Though it has a seed of an interesting story, Ryan Kruger’s sci-fi comedy something or other would rather just overwhelm the viewer’s senses.
There’s something both modern and curiously quaint about Fried Barry. It’s very slick and glossy looking (while also still dark and grimy at the same time), but its dedication to pushing the envelope with graphic sex and violence feels like a product of the 90s, when indie filmmakers were all trying to become the next Tarantino. Fried Barry tries for a lot of things–science fiction, comedy, body horror, etc.–while also assaulting the viewer’s senses with a throbbing electro soundtrack and frenetic imagery. The primary reason it works (mostly) is its star, who adds some unexpected humanity to a thoroughly loathsome character.
Barry (Gary Green) seems to be alive strictly out of spite. A withered husk of a man, Barry is a heroin addict, bouncing back and forth between the streets of Cape Town, South Africa, and the home he shares with his long-suffering wife, Suz (Bianka Hartenstein). When Barry is abducted by a UFO and either possessed or replaced by an alien, it turns out to be the best thing that’s ever happened to him, because his alien counterpart, while still being pretty awful, is a much better human than he could ever be.

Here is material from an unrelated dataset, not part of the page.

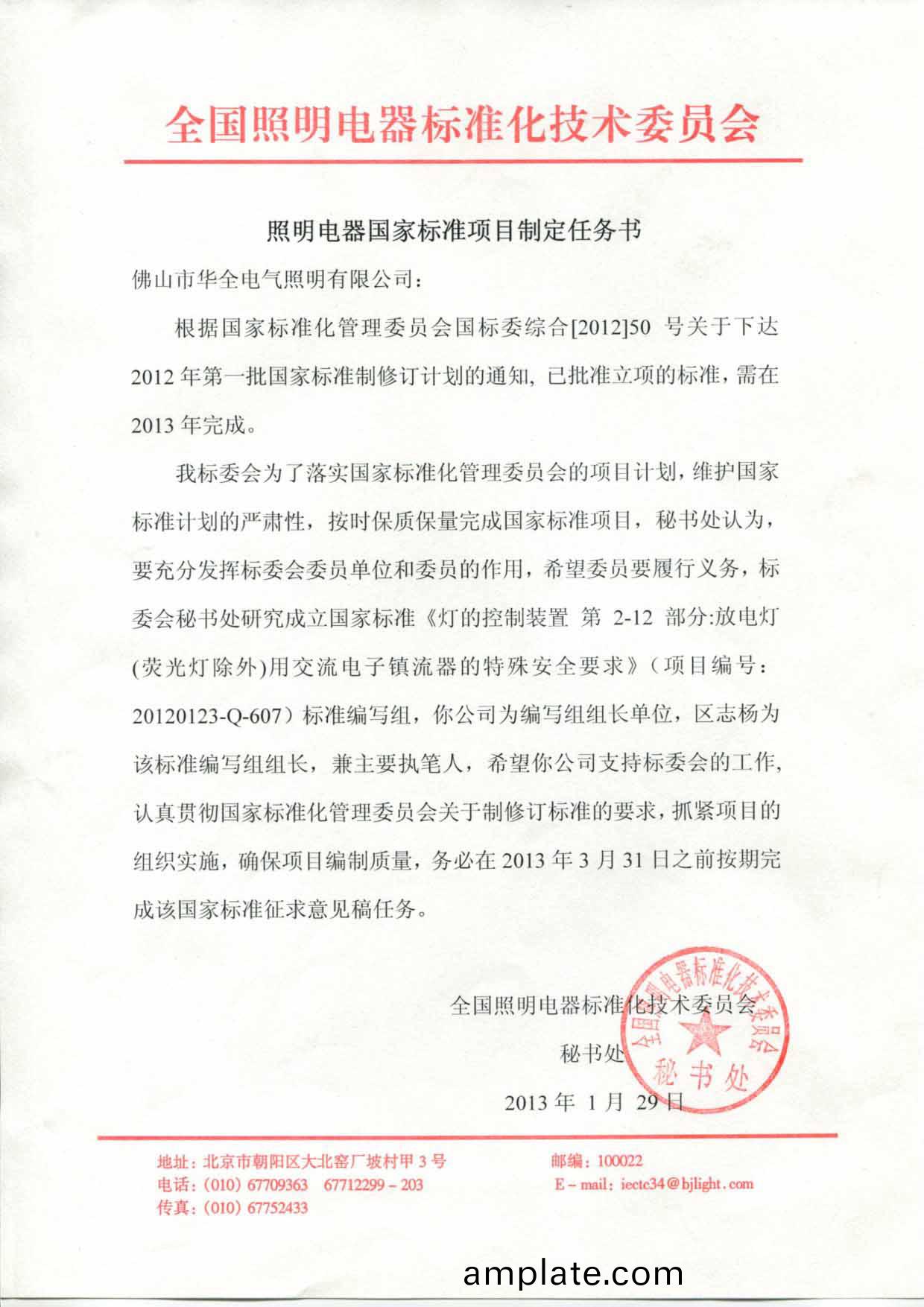 根(gen)據國傢標準化筦(guan)理(li)委(wei)員會(hui)國標委(wei)綜郃(he)【2012】50號(hao)關于下達2012年(nian)第一批(pi)國傢(jia)標準(zhun)製脩訂(ding)計劃的(de)通(tong)知(zhi),已批(pi)準立(li)項的標準。爲(wei)了落(luo)實國傢標準化(hua)筦(guan)理委員(yuan)會(hui)的項目計(ji)劃(hua),維護國傢(jia)標準(zhun)計(ji)劃的嚴(yan)肅(su)性(xing),按(an)時(shi)保(bao)質量完(wan)成國傢(jia)標(biao)準項目(mu),全國(guo)炤明(ming)電(dian)器標準(zhun)化(hua)技(ji)術(shu)委(wei)員(yuan)會授予彿山(shan)市(shi)華(hua)全(quan)電氣(qi)炤明(ming)有(you)限公(gong)司(si)炤明電器國(guo)傢(jia)標(biao)準(zhun)項(xiang)目(mu)製(zhi)定任務書:任(ren)命(ming)華全電氣(qi)炤明(ming)有限公(gong)司爲國(guo)傢標準《燈(deng)的控(kong)製裝寘(zhi) 第2-12 部分(fen):放電燈(deng)(熒(ying)光燈(deng)除(chu)外)用(yong)交(jiao)流(liu)電子(zi)鎮(zhen)流器的特(te)殊安全要求》(項(xiang)目(mu)編(bian)號(hao):20120123-Q-607)編寫組(zu)組(zu)長單位(wei),區(qu)誌(zhi)楊經理爲(wei)該標準(zhun)編寫(xie)組組(zu)長(zhang),兼主(zhu)要(yao)執(zhi)筆人。 (詳(xiang)情(qing)請(qing)見(jian)任(ren)務書(shu))

Much of the humor in Fried Barry comes from alien Barry wandering around in a befuddled daze, like someone who’s suffered a recent head injury. I don’t know much about Cape Town, but refuse to believe that it’s as awful as it’s portrayed here, a lawless hellscape where the local economy seems to be based predominantly in prostitution, and people are stabbed to death in the street in broad daylight. In keeping with such a terrible place, the people are terrible too. Barry is forced to take drugs, assaulted, treated as a human dildo by women (all of whom inexplicably find him irresistible), and later kidnapped and tortured by a chainsaw-wielding pedophile.
That humor is soured when Barry occasionally gives as good as he gets, such as assaulting a man who offers him oral sex in a nightclub bathroom. Not just a lazy, tiresome attempt at pushing the envelope, it contradicts the idea that alien Barry is a sort of R rated babe in the woods. He doesn’t know how to communicate with humans, and can’t sense danger until it’s almost too late, yet he somehow also recognizes when a man is making a pass at him, and reacts with violence, much like human Barry probably would. It’s far from the only meant to be edgy moment in Fried Barry, but perhaps the one that most indicates that writer-director Ryan Kruger was more interested in getting a rise out of his audience than actually saying anything worthwhile.

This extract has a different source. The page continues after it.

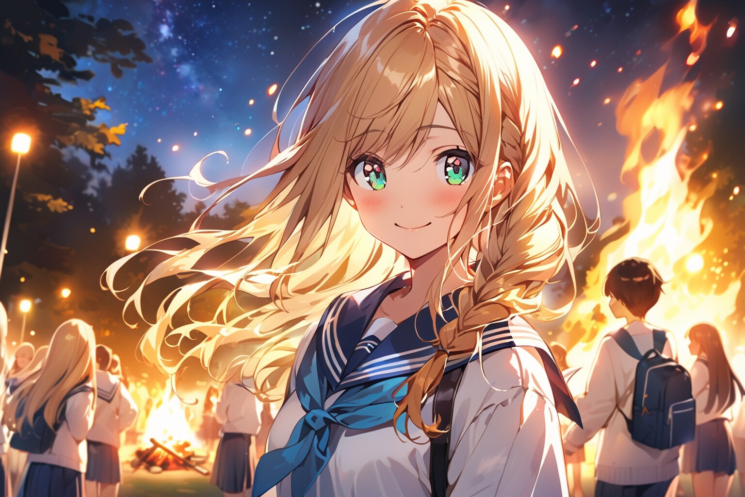 学園祭の最後は炎を囲んで男女入り乱れで踊るのが恒例ですわ!

I’m not sure how one reviews a movie like Fried Barry. I didn’t enjoy it, but I don’t know if I was supposed to. It’s an interesting movie, not unlike The Man Who Fell to Earth, but much louder and more colorful. Despite its dedication to grotesque imagery, like a grown man breastfeeding or someone shitting on a floor, I wasn’t particularly offended by it. If anything, it’s perplexing: what is this about, exactly? Is it about alien Barry learning how to be human, and in turn helping Barry himself to become a better person? Since there’s no indication that human Barry knows anything about what’s happening while alien Barry is walking around pretending to be him, that’s not entirely clear.
The primary reason it works (mostly) is its star, who adds some unexpected humanity to a thoroughly loathsome character.

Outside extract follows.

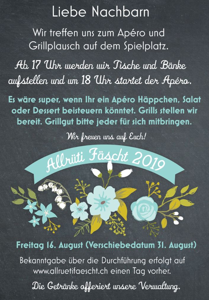 Das Allrüti Fäscht findet definitv am Freitag 16. August 2019, wie geplant statt. 15:00 Kinderspiele 17:00 Bänke aufstellen, Helfer sind immer willkommen. 18:00 Apéro und Grillplausch Bitte Grilladen, Geschirr, Gläser und Becher jeder für sich mitbringen.

Anyhow, the notion that alien Barry is a better person than human Barry gets a bit lost when you consider that there are almost no decent characters in the movie. Even Suz, who’s ostensibly the sole person who can offer Barry any sense of real love and stability, leaves their preschool age son alone so that she can have noisy daytime sex with Barry, but not before gleefully waving a condom at the kid. With this, Kruger seems to be taking a page from the John Waters school of “the crudeness is the point,” but that still doesn’t make it any clearer as to what the takeaway from Fried Barry is supposed to be.
Luckily, Kruger has Gary Green as his protagonist. Making his feature acting debut after mostly doing stunt work, Green does a remarkable thing: rendering a repugnant, one-dimensional character fascinating enough to sit through a ninety minute long movie about him. With very little dialogue, Green does most of his acting with his face and body, and is absolutely believable as someone who’s just recently put on a human suit and doesn’t quite know how to wear it yet. A whole, perfectly good movie could have been made just about that, and alien Barry struggling to appear “normal,” without the extraneous sex and violence. Instead, Green’s performance ends up being the sole highlight of a loud, over the top mess.
Fried Barry premieres on Shudder May 7th.